Join the HI-DSI Group
Once the “HI-DSI Gateways and Workflows” group is found, request access by clicking, “Ask to join”.
About Groups
A groups landing page will provide some information about the group such as the groups title, purpose and description of the group. From the landing page, users will be able to see all resources shared with the group as well as all members of the group. It should be noted that resources within the group are not owned by all members. While they are shared, ownership is retained by the individual user which created the resource.
Exercise: Using Resources and Workflows Within a Group to Collaborate On Data Analysis
For this exercise, attendees who have joined the HI-DSI group will use an existing shared resource containing both data and a Jupyter Notebook workflow to perform some visualization and data analysis. The purpose of this exercise is to:
- Demonstrate how a gateway can provide a collaborative environment
- Demonstrate how data workflows can ease the researchers burden of programming certain computational tasks from scratch.
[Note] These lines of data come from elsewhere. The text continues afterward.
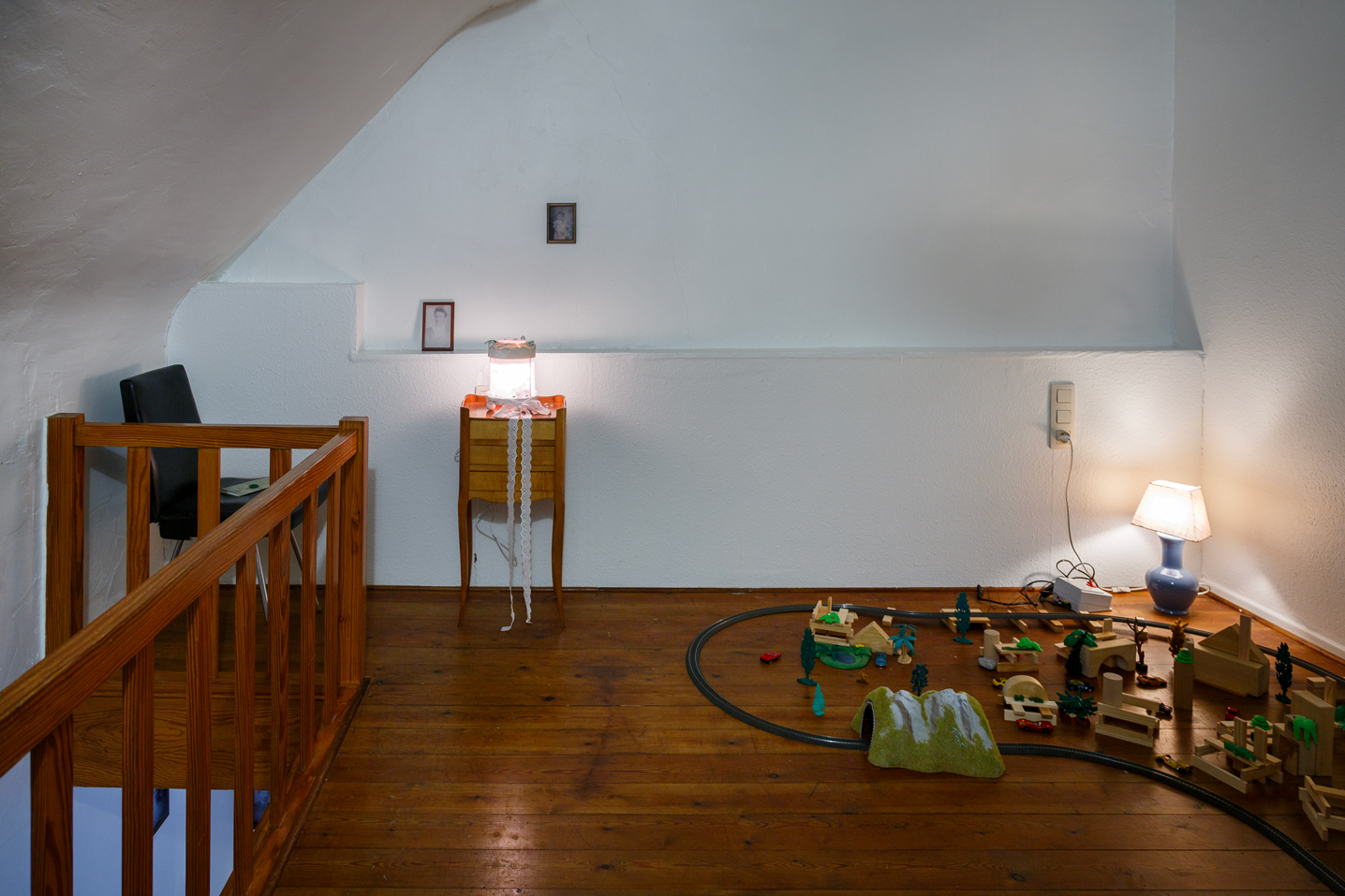 Paul Gérard, enfin, nous conduit dans une chambre d’enfant où le jeu et l’imaginaire deviennent refuges face aux images du monde. L’installation Rue Monrose, 62 : La Chambre, L’enfant, Le train associe film, son, dessin et circuit miniature pour plonger le·la visiteur·euse dans un espace à la fois familier et traversé de fantômes.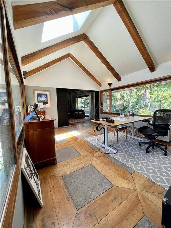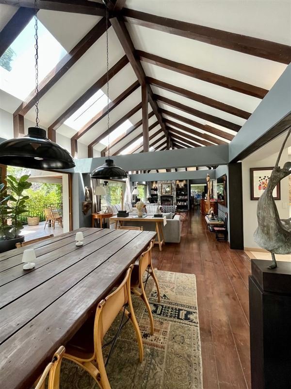 Amplio comedor de diario, estación de café, pieza de planchado y logia iluminadas por lucarnas.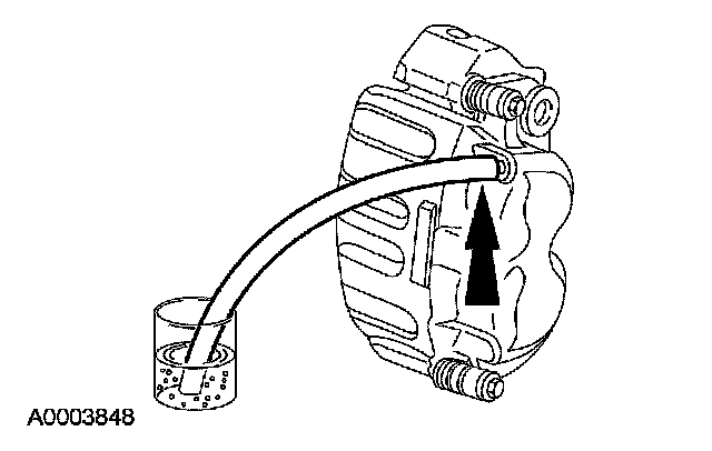 CAUTION: Do not allow the brake master cylinder reservoir to run dry during the bleeding operation. Keep the brake master cylinder reservoir filled with the specified brake fluid. Never reuse the brake fluid that has been drained from the hydraulic system.

- Exemplify the usefulness of gateways and workflows in the reproducibility of scientific results.
HydroShare supports various web apps which workflows and models can be built in. Typically, most hydrological modeling and data analysis is done on a personal computer or on some centralized computing system. A user’s knowledge of such centralized computing system could all be barriers to the user’s research. Some examples could be:
- Knowledge about high-performance computing systems
- Capacity of a local computer
- Compatability and dependency requirements for installation on local computers, and
- Time taken to get local model installations properly configured and validated
By providing and supporting web apps such as JupyterHub and its Jupyter Notebook functionality, HydroShare enables a more flexible environment for model execution and data analysis. This gives users a preconfigured environment free of worry about cyberinfrastructure and dependencies thus lowering the forementioned barriers to research.
A Jupyter notebook contains live code, equations, visualization, and explanatory text. They can be used to implement scientific workflows and other computational tasks. HydroShare users can either create and share their own workflows using Jupyter notebooks or discover and use existing workflows implemented as Jupyter notebooks.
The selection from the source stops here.